AIDS first started to be mentioned in 1981. No one had ever heard of it before then. Larry Kramer, a screenwriter and producer (Women in Love) and novelist (Faggots), convened a meeting of gay men in his Fifth Avenue apartment overlooking Washington Square. We were addressed by Dr. Friedman Keene, who’d studied several cases of Kaposi’s sarcoma, a rare skin cancer that usually appeared in old men of Jewish or Mediterranean origin. Suddenly it was showing up in young gay men, as was an unusual and virulent form of pneumonia.

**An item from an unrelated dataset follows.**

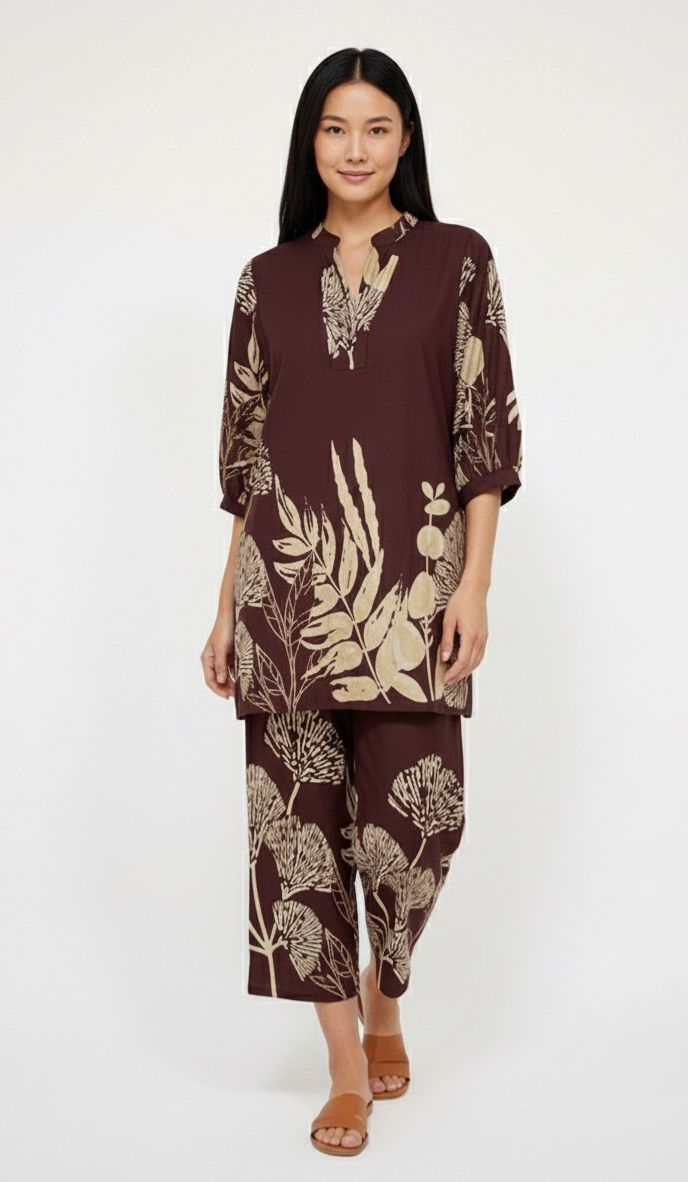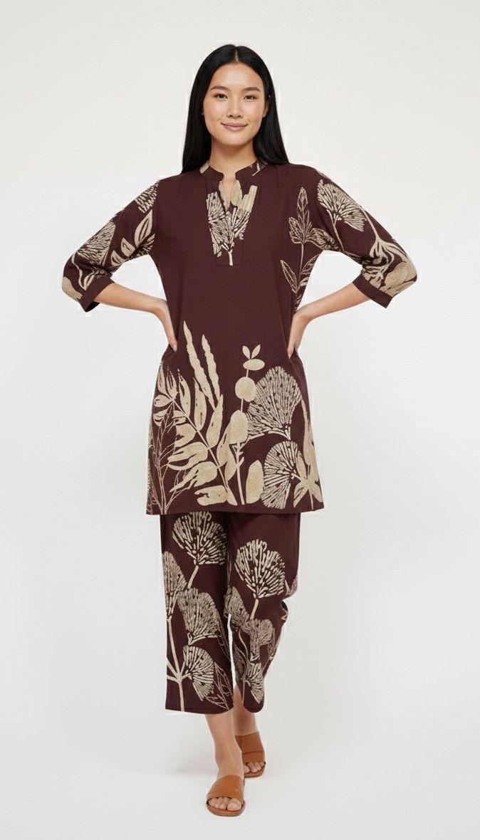 Embrace effortless elegance with this maroon co-ord set featuring a nature-inspired beige botanical print. The set includes a relaxed-fit kurta with a stylish V-notch neckline and ¾ sleeves, paired with matching straight pants for all-day comfort. Crafted from soft, breathable fabric, it’s the perfect fusion of comfort and chic—ideal for office wear, cozy evenings.

Soon this new cluster of diseases was being called gay-related immunodeficiency or GRID.

Larry invited five or six other men, including me, to discuss forming an offensive against GRID (which a year later was renamed AIDS, since we quickly discovered that gays were only one of several “at-risk” groups). We decided to call our group the Gay Men’s Health Crisis. We wanted through the name to make it clear that this was not a lesbian condition, since we’d all had so many tussles with lesbians during the culture wars of the 1970s (though later in the 1980s, as many gay male activists were dying, lesbians came to play a larger leadership role in the movement thanks to their generous feelings of solidarity with gay men). We wanted to emphasize that it was a “crisis” and not a permanent condition, since gays were not eager to be equated with yet another medical diagnosis.

We were naïve, but there was no way to be sophisticated about an unprecedented plague. Nothing like this had ever happened to anyone before.

Dr. Alvin Friedman-Kien said to us that he thought we should give up sex altogether until researchers understood a little more about how the disease was transmitted. We looked at him as if he were mad.